Yale dermatology professor compares skin resurfacing techniques

February 4, 2008, San Antonio, TX--Speaking at the 66th Annual Meeting of the American Academy of Dermatology, Jeffrey Dover, MD, FAAD, associate clinical professor of dermatology at Yale University Medical School (New Haven, CT), shared his professional experience with three of the newer laser skin resurfacing procedures being used to treat fine lines, wrinkles, photodamage, and uneven skin pigmentation.

February 4, 2008, San Antonio, TX--Speaking at the 66th Annual Meeting of the American Academy of Dermatology, Jeffrey Dover, MD, FAAD, associate clinical professor of dermatology at Yale University Medical School (New Haven, CT), shared his professional experience with three of the newer laser skin resurfacing procedures being used to treat fine lines, wrinkles, photodamage, and uneven skin pigmentation.

"The search for safe and effective treatments to improve and rejuvenate the tone, color and texture of the aging face is never ending," said Dr. Dover. "Today, patients are interested in gentler skin rejuvenation options than those used previously, such as the CO2 laser, and will trade less dramatic results for less downtime and few, if any, side effects."

One of the most versatile new laser technologies being used to treat aging skin is fractional laser skin resurfacing.

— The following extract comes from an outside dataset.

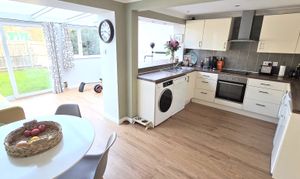 Enlarged Entrance Hall with stairs to first floor. Living Room overlooking front garden. Extended open plan Kitchen / Dining / Family Room Kitchen fitted with a range of units and workspace, space for appliances and dining table plus Family Area with sliding doors onto the garden.
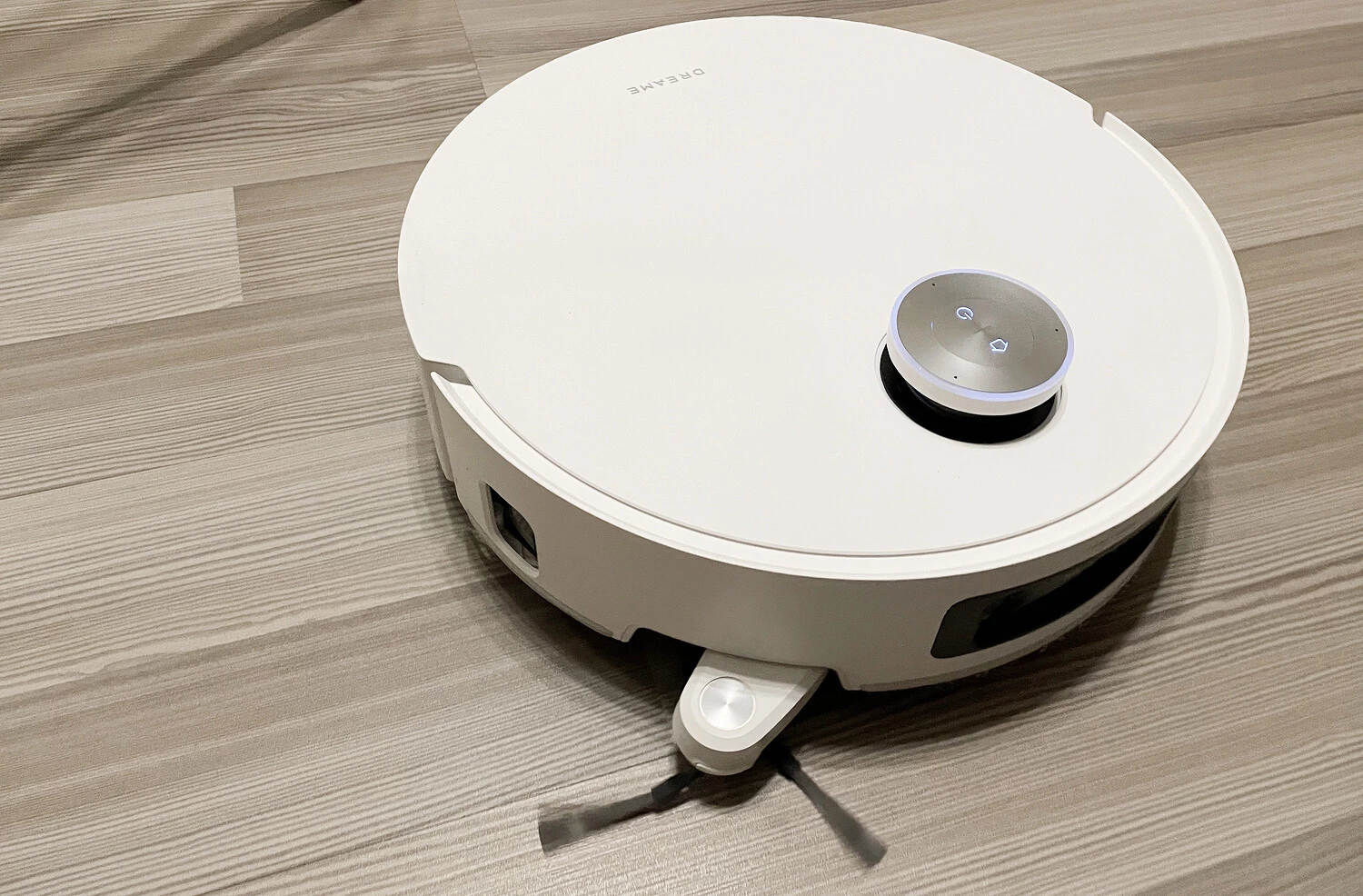 Для объезда объектов на полу робот задействует двойную 3D-камеру с LED?подсветкой. На практике Dreame Aqua10 Ultra Roller Complete хорошо распознает предметы на полу и объезжает их в процессе уборки. У нас не возникло проблем с валяющимися проводами, домашними тапками, игрушками, сухим кормом питомца и его мисками, детским конструктором, игрушками и даже крупными элементами пазлов. В темноте все было не столь позитивно — пару раз робот попытался зажевать провода, сдвинул черный носок.

Numerous clinical studies have shown this technology to be safe and effective in treating patients of all skin types, including skin of color, for fine lines, wrinkles, uneven skin tone and even acne scars.

Fractional laser resurfacing works by targeting damaged skin in columns of microscopic treatment zones, which include the outermost and underlying layers of skin known as the epidermis and the dermis. Fractional laser resurfacing thermally damages the tiny columns of skin while the surrounding healthy skin is left intact.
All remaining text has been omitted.